BEGIN

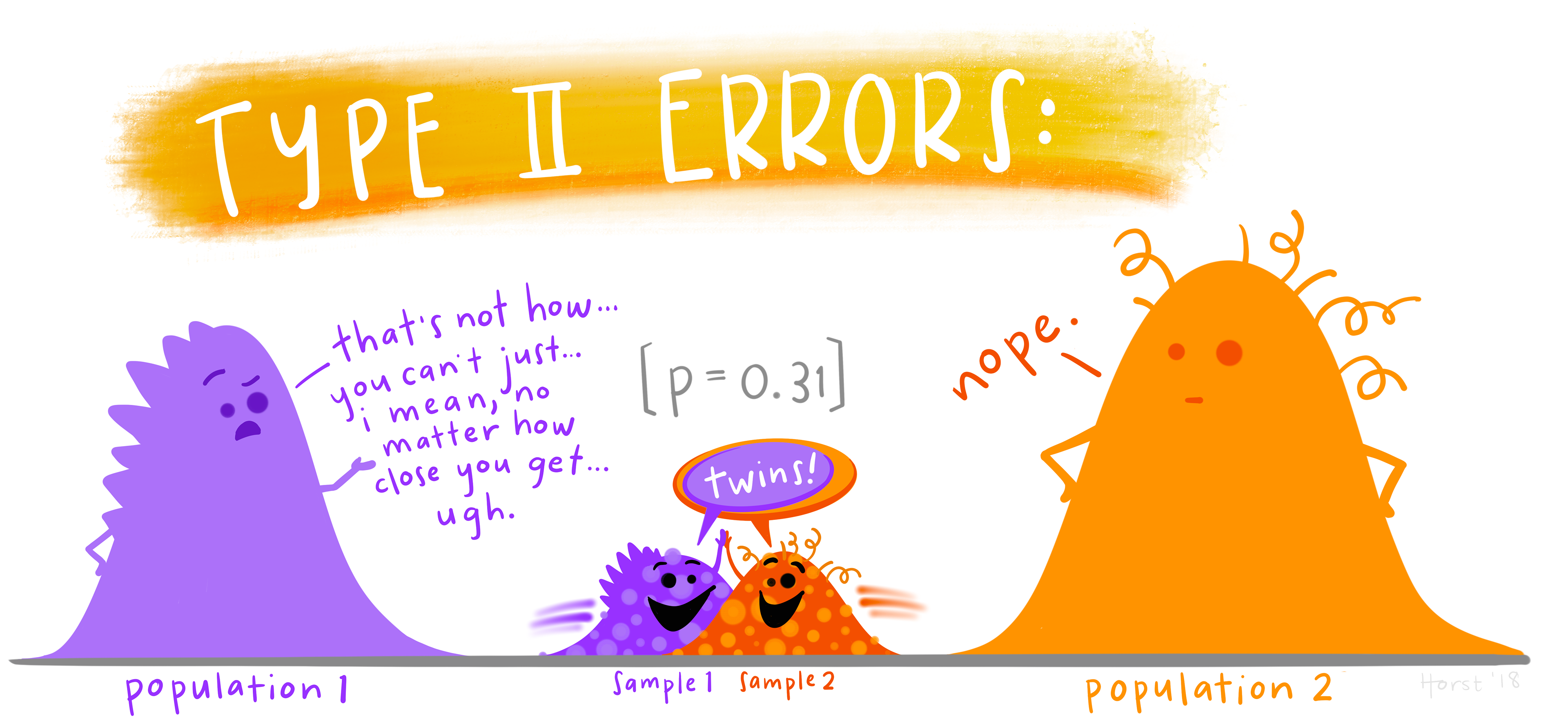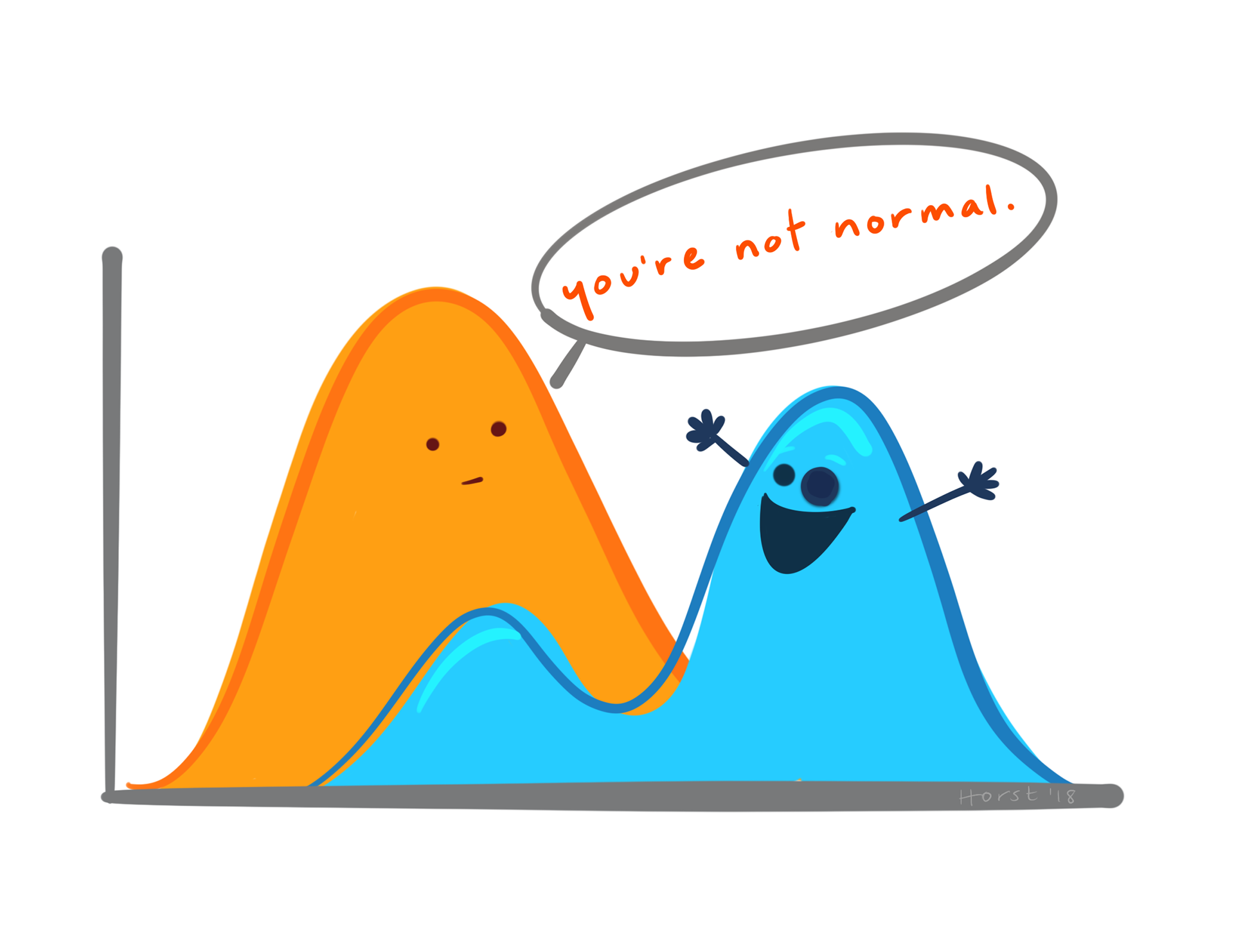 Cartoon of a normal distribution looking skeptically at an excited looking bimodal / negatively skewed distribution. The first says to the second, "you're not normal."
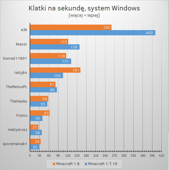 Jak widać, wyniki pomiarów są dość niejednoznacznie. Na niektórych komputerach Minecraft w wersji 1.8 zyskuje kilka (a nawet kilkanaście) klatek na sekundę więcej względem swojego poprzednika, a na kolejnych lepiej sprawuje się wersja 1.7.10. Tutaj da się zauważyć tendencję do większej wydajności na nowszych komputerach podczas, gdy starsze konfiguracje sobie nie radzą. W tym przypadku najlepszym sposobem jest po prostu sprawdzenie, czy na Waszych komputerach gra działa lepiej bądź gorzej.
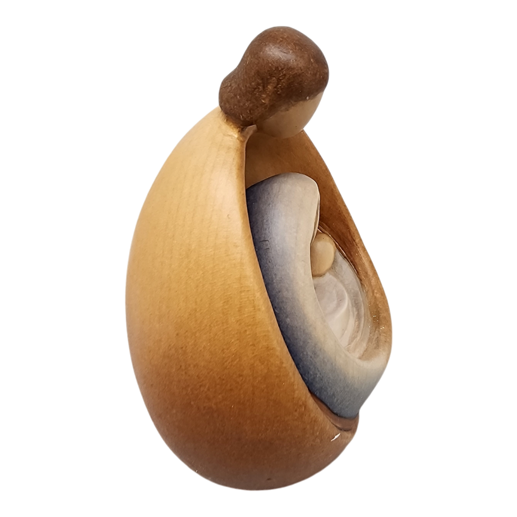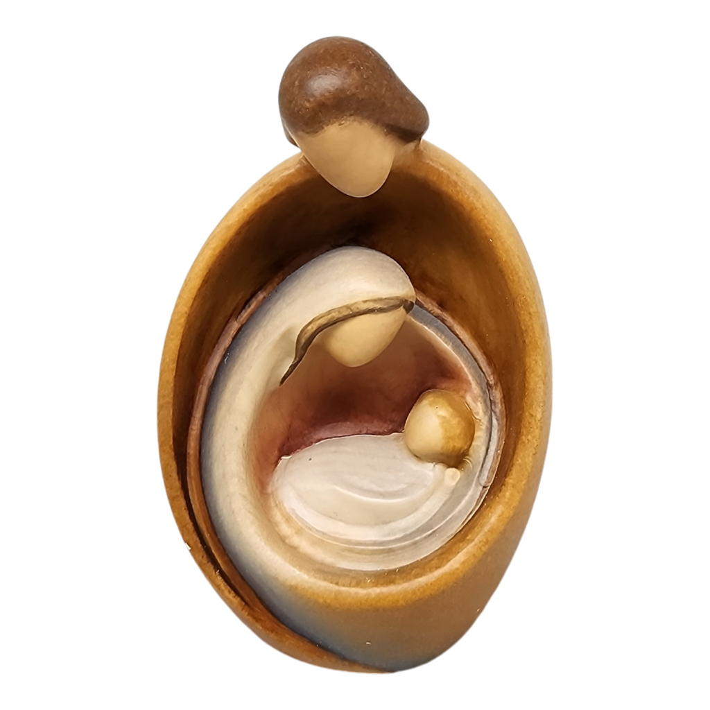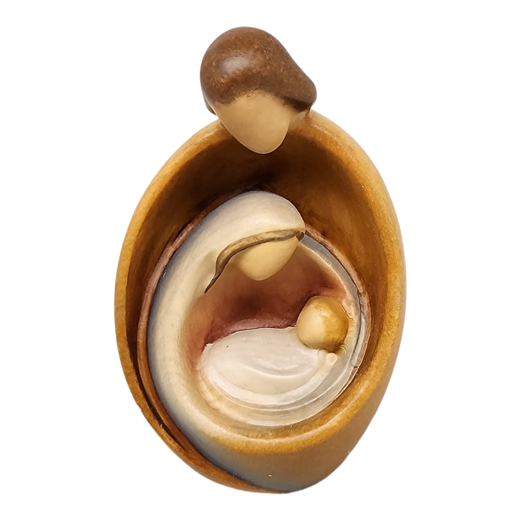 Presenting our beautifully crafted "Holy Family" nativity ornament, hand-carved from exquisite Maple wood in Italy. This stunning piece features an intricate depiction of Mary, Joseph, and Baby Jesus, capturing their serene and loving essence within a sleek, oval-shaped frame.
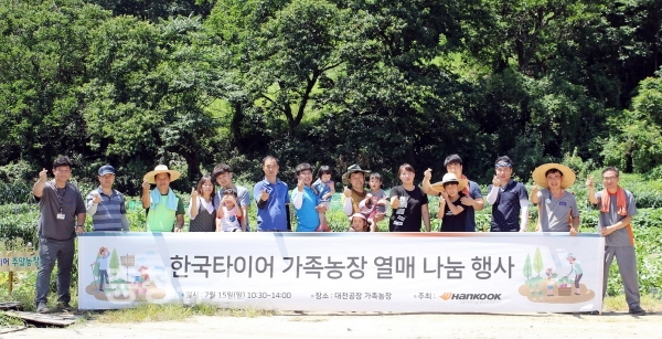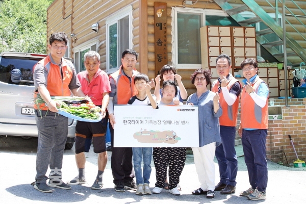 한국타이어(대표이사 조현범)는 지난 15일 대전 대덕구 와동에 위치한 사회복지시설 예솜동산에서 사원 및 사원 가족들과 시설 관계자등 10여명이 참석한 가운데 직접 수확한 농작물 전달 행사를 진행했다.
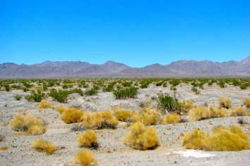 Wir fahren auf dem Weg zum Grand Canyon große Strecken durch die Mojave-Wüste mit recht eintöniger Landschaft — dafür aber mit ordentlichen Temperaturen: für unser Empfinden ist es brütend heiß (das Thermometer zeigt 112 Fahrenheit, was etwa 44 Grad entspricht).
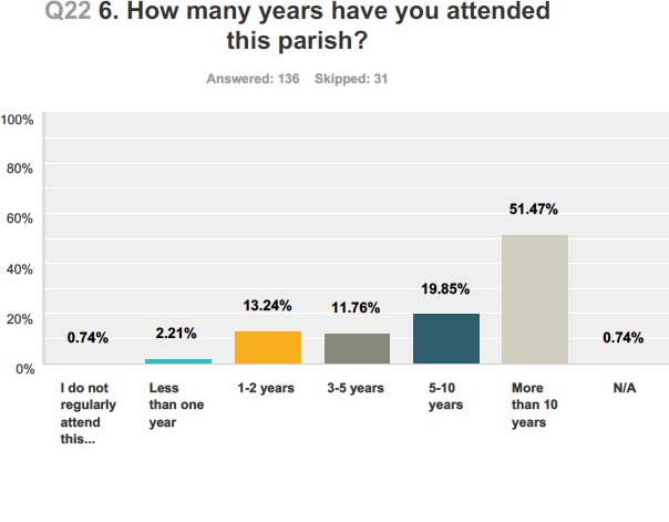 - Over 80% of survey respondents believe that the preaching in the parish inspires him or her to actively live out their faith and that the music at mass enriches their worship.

END
BEGIN

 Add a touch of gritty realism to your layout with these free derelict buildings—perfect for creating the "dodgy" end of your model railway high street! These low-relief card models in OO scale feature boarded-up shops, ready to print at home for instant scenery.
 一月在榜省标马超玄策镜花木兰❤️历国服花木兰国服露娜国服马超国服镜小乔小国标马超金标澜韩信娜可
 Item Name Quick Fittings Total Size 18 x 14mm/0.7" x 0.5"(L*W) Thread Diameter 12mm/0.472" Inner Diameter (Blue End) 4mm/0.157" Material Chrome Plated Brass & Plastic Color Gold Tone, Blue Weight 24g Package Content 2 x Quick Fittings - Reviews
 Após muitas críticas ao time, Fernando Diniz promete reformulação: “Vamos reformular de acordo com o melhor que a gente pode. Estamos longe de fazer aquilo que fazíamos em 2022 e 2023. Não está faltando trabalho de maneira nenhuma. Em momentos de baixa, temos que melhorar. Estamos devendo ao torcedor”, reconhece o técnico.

END

Your assignment
Using the listing above, reproduce word for word every line from the one containing "Presenting our beautifully" through the one containing "한국타이어(대표이사 조현범)는 지난". Pictures must be left out.

Response area
 Presenting our beautifully crafted "Holy Family" nativity ornament, hand-carved from exquisite Maple wood in Italy. This stunning piece features an intricate depiction of Mary, Joseph, and Baby Jesus, capturing their serene and loving essence within a sleek, oval-shaped frame.
 한국타이어(대표이사 조현범)는 지난 15일 대전 대덕구 와동에 위치한 사회복지시설 예솜동산에서 사원 및 사원 가족들과 시설 관계자등 10여명이 참석한 가운데 직접 수확한 농작물 전달 행사를 진행했다.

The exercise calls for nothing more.